Auch wenn der Verstorbene entgegen den Feststellungen des Erstgerichts nicht notorisch verschuldet gewesen wäre, hieße das – wie bereits erwähnt – nicht schon, dass er sich die Yacht ohne ein Darlehen der Beklagten hätte leisten können.

3. Abschließend begehrt die Klägerin den Ersatz der bekämpften Feststellung F3 durch folgende Feststellung:

„Das Kfz Renault Captur stand im Eigentum des Erblassers.“

3.1. Auch hier gilt aus dem in Punkt 2.1. genannten Grund, dass die Feststellung F3, soweit sie sich auf das Kfz Fiat Punto bezieht, am Inhalt der gewünschten Ersatzfeststellung gemessen inhaltlich unangefochten bleibt.

Allein die Tatsache, dass das Kfz Renault Captur auf den Verstorbenen behördlich zugelassen war, bedeutet – wie schon das Erstgericht zutreffend aufgezeigt hat – ebensowenig, dass dieser auch dessen Eigentümer war, wie die Tatsache, dass vor dessen Erwerb das Kfz FIAT Punto verkauft worden war.

Die Beklagte hat in ihrer Parteienvernehmung nachvollziehbar begründet, weshalb sie zum Kfz Renault Captur – anders als zum FIAT Punto – keine genauen Angaben machen konnte: Sie war mit dessen Anschaffung zur Zeit des Corona-Lockdowns nicht einverstanden, hat den Verstorbenen bei dieser nicht unterstützt und hat dieser sich den Wagen anderweitig organisiert. Angesichts der schlechten Finanzlage des Verstorbenen liegt Fremdfinanzierung nahe und ist das Eigentum eines Dritten an dem PKW nicht unplausibel.

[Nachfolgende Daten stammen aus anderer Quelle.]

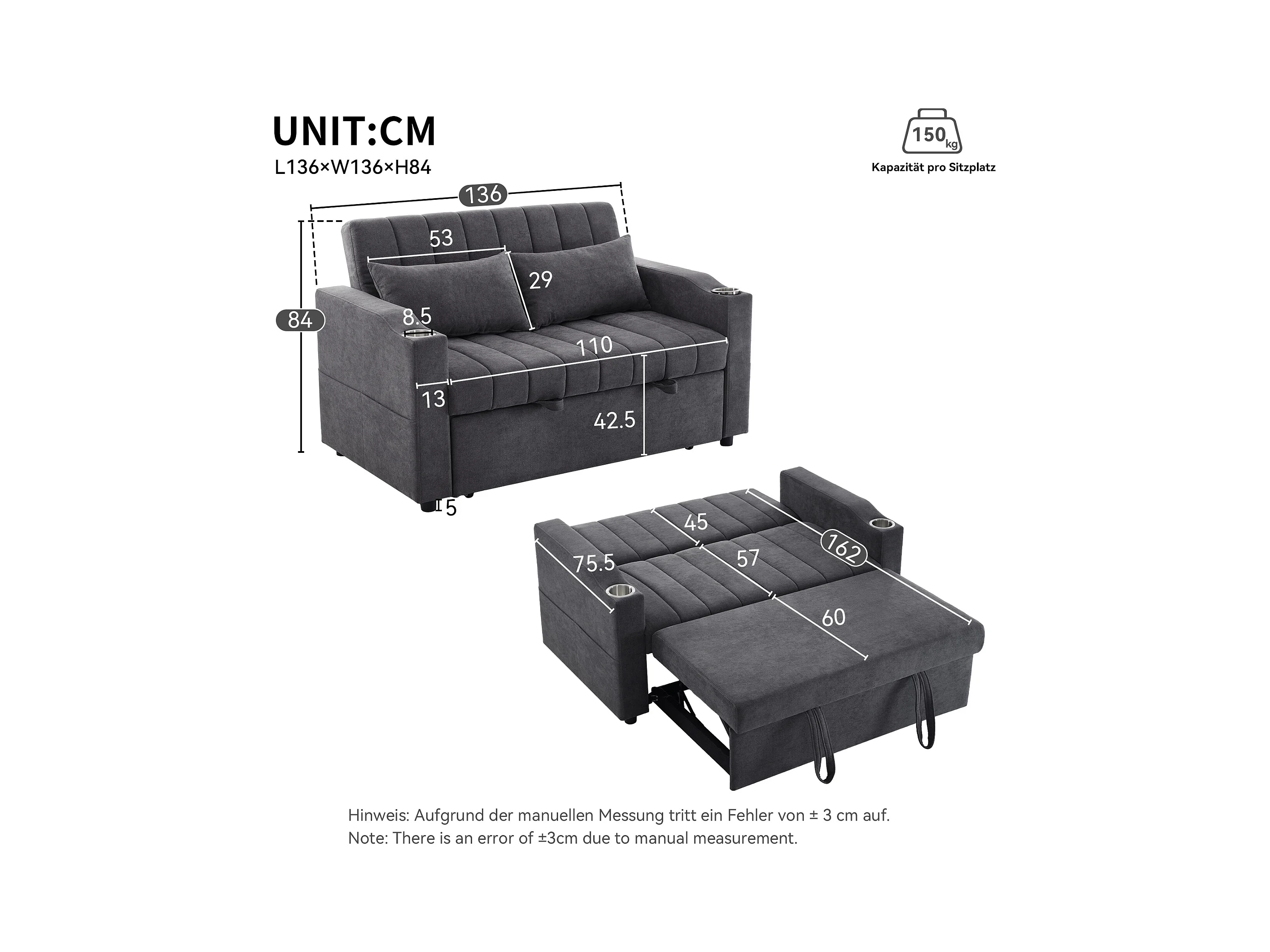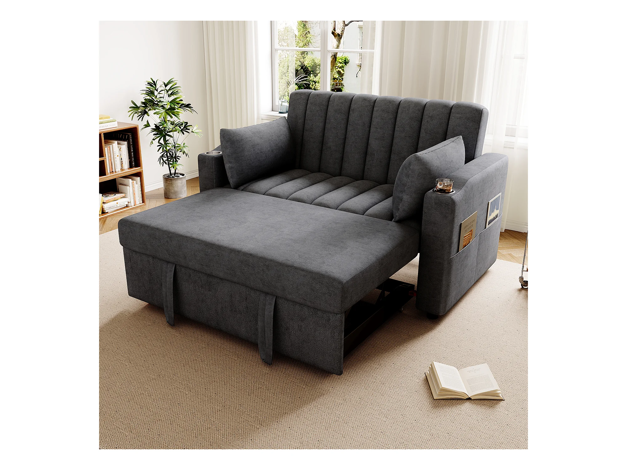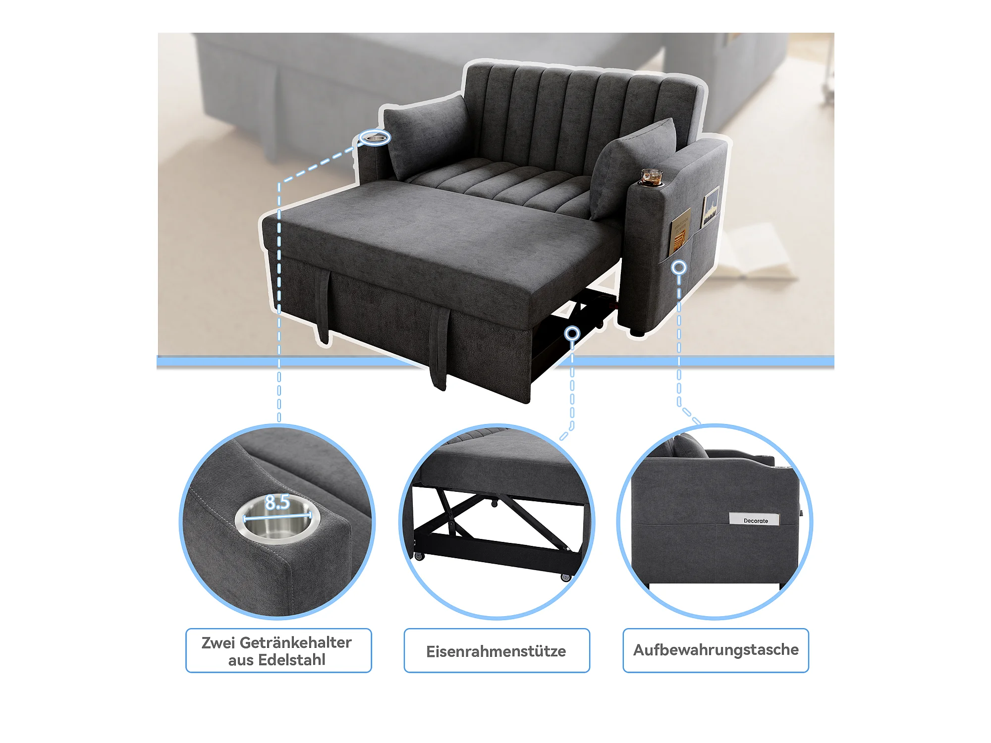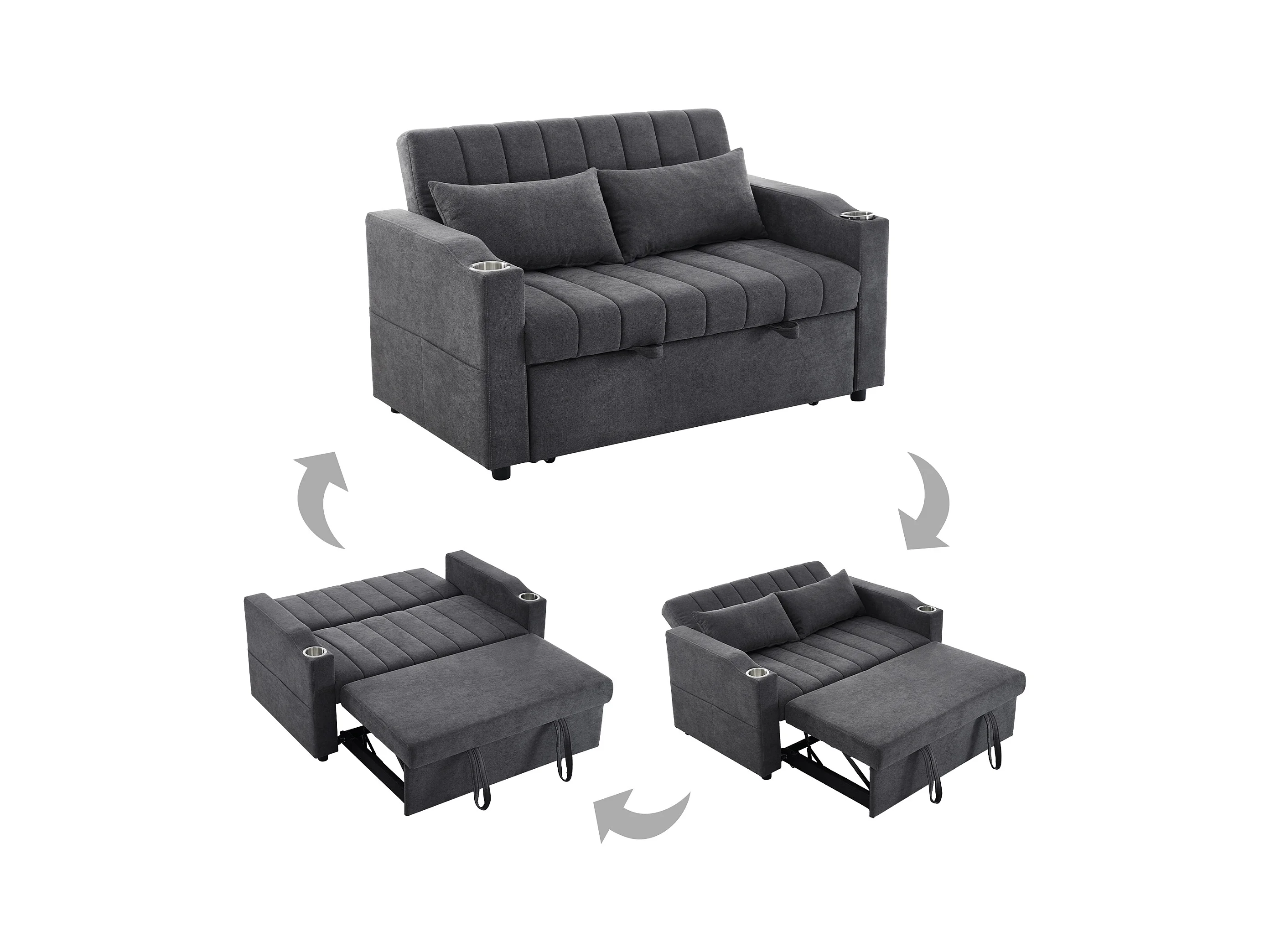 Canapé-lit gigogne - 80 x 160 cm - double avec dossier réglable + avec porte + gobelet + oreillers - Tissu - Coton - gris
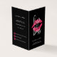 Med mappade kort i chicen kan du din kontaktinformation, dina programinstruktioner och tips och tricks, utan att behöva trassla med extra-kort! Utformningen har en färg-palett i chic med skarp svart, vit och magenta rosa, accentuerad med ljusa rosa läppillustrationer och "läppande chef" på framsidan. Den fyrsidiga designen är förtryckt med programtips och ytterligare tips och tricks på insidan och din affärsinformation, dina kontakter och dina medieprofiler i social på framsidan och baksidan. Anpassa den befintliga texten eller lämnan i befintligt skick.
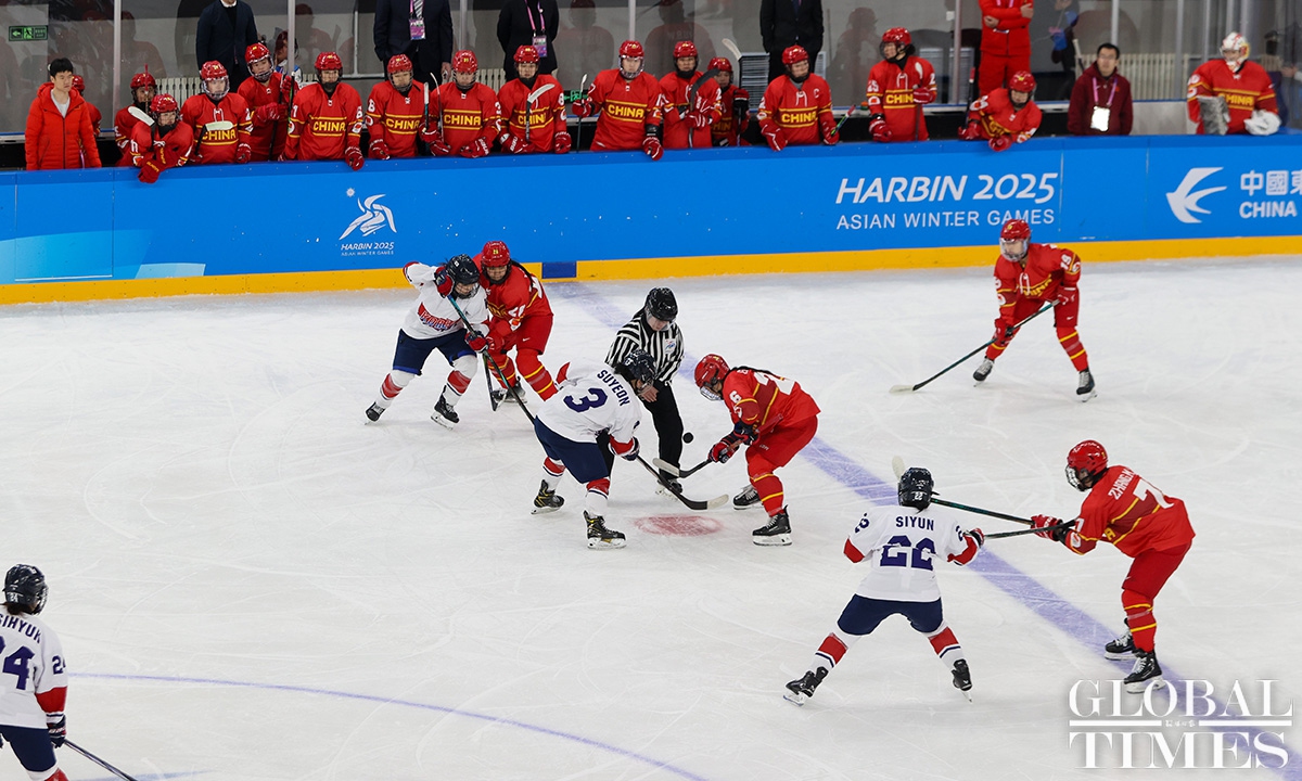 The Chinese women's ice hockey team defeated Team South Korea 2-1 on Wednesday, winning their first match at the 9th Asian Winter Games in Harbin, Northeast China's Heilongjiang Province.
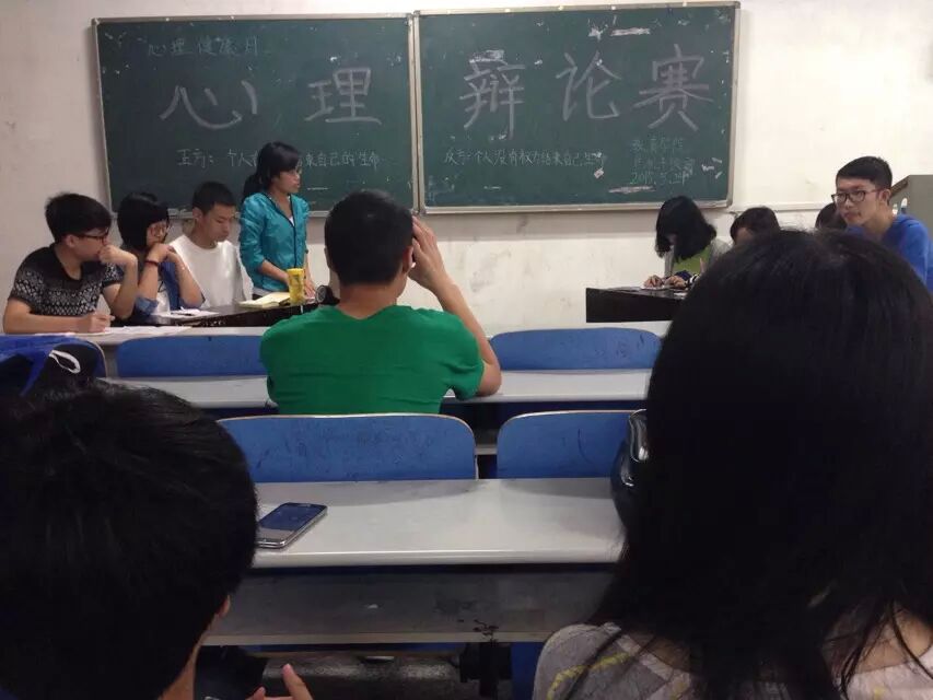 2015年5月24日15:00,教育学院危机干预部积极响应校心健“心理健康月”活动,就“个人有没有权利结束自己的生命”为辩题,于第八教学楼1-6举开展辩论赛。辩论赛开头由主持人简单介绍此次辩论赛力图促进同学们“珍爱生命”的目的,并宣布辩论赛正式开始、邀请双方辩手入场就坐。
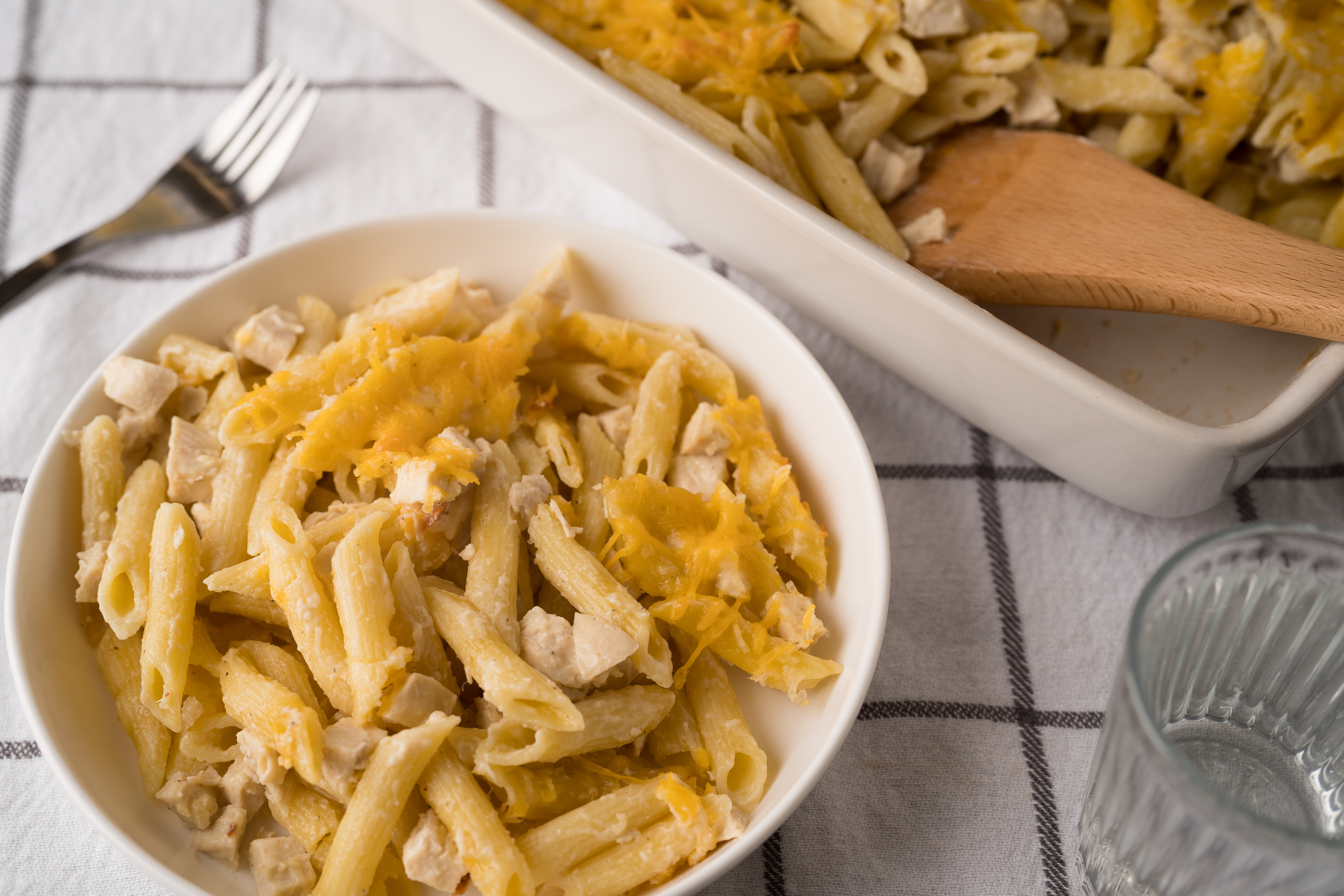 Step 8 -In a large bowl, add the cooked chicken, the cooked penne, the Alfredo sauce, 1/2 of the mozzarella cheese, the milk, the onion powder, and the garlic powder and mix well.
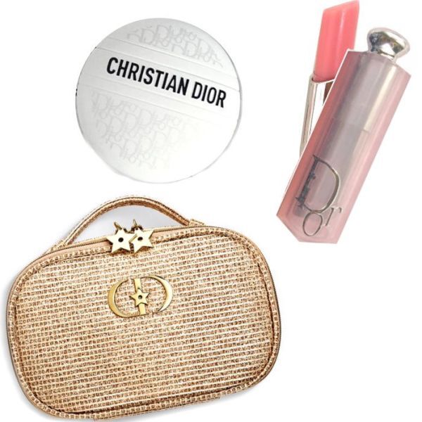 DIOR ディオール ビューティー&ケア セット ホリデー ゴールドバニティバッグ ポーチ 3点セット 限定 ディオール アディクト リップグロウ ピンク リップバームケア口紅 ルボーム マルチクリーム cd-gift-2025-setコスメ ギフト コフレ【売れ筋】
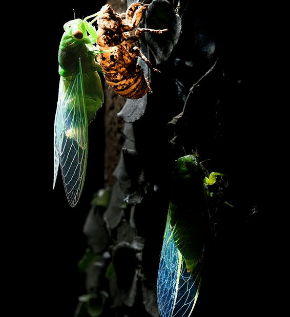 和蝉交往的时间长了,才慢慢明白了蝉的发声主要赖以腹部的两侧的块状薄片,靠身体内部的力量振动这两片薄片来发出响亮的声音。直到今天,我还惊异于长着白色透明的羽翼,有着碧绿色身段、小巧灵活的蝉,他的身体之小和声音之大所形成的强烈反差,真是大自然神工鬼斧早就的奇异组合。虽然,有一些人并不喜欢倾听这种声音,可我觉得它是对灿烂阳光的颂歌,是唤醒疲惫夏季的清新语言。正像“昆虫界的荷马,昆虫界的维吉尔”法布尔对蝉所赞美得:“四年黑暗中的苦工,一个月阳光下的享乐,这就是蝉的生活。”“我们不应当讨厌它那喧嚣的歌声,因为它掘土四年,现在才能够穿起漂亮的衣服,长起可与飞鸟匹敌的翅膀,沐浴在温暖的阳光中。什么样的钹声能响到足以歌颂它那得来不易的刹那欢愉呢?”
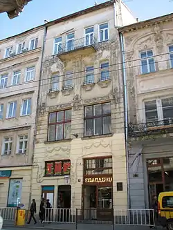 Житловий будинок збудовано за проектом Альфреда Захаревича у 1899 році як триповерховий для Германа Бака. У 1927 році добудований четвертий поверх, тоді власником будинку був підприємець Едмунд Строменгер, який жив у ньому до 1939 року. На першому поверсі будинку до війни містилися магазин друкарських машинок «Машинополь», магазин ювелірних прикрас «Рака» та офіс Войтовича, який займався продажем та купівлею нерухомості.[2]У 1950-х роках тут була майстерня з ремонту й заправки авторучок. Пізніше за радянських часів тут обладнали відоме серед львів'ян кафе «Рубці по-львівськи». Зараз тут міститься магазин «Солодощі» й тир «Рембо»[3]
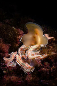 Der zweite Tauchgang findet ganz klassisch bei Inland Sea statt. Wir tauchen durch den Tunnel und dann links raus und sehen auch einige Spiegeleiquallen.
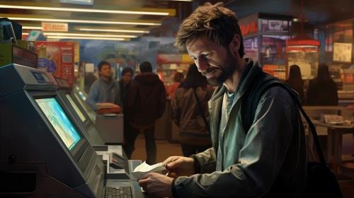 a dystomic future, a man pays at the checkout in a shop with his digital identity and his digital wallet, ultra poreal, ultra detailed, intricate details, day light source,Hyper - realistic textures,--v 5,--testp --ar 16:9
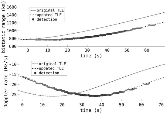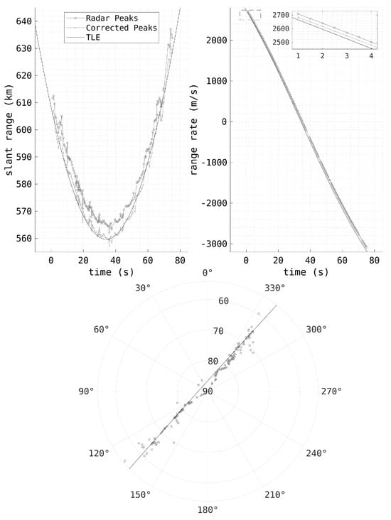 Figure 11 shows the detections of the HFLOS observation of a Starlink satellite, before and after ionospheric correction. The range error has been significantly reduced, with the detections now better matching the two-line element (TLE). There are also slight corrections to the Doppler and spatial parameters to improve the measurements. As the data were collected near solar minimum, the impact of the ionosphere on the radar measurements is considerably less than during solar maximum [18]. These methods are able to significantly improve the range measurements, with the mean range measurement error being reduced from 5 km to 1 km [46], albeit with a large standard deviation due to the coarse range resolution. The other measurement parameters are not significantly improved; however, even slight improvements to the measurement accuracy may greatly improve the resulting orbital accuracy.

Demgegenüber hat die Klägerin keinen Nachweis über das Eigentum des Verstorbenen an dem Kfz erbracht. Genau genommen hat sie in erster Instanz ein solches Eigentum gar nicht ausdrücklich behauptet, sondern lediglich vorgebracht, im Nachlass des Verstorbenen sei kein Erlös aus dem Verkauf des Fahrzeugs ausgewiesen gewesen.

Die bekämpfte Negativfeststellung ist unbedenklich.

4. Insgesamt ruft die Beweis- und Taschenrüge der Klägerin keine Zweifel an der Richtigkeit den ausführlich und überzeugend begründeten Tatsachenfeststellungen des Erstgerichts hervor. Der Berufung war nicht Folge zu geben.

Die Kostenentscheidung beruht auf §§ 41, 50 ZPO.

Das Berufungsgericht hatte keine Rechtsfrage zu lösen, die ordentliche Revision war daher nicht zuzulassen (§ 502 Abs 1 ZPO).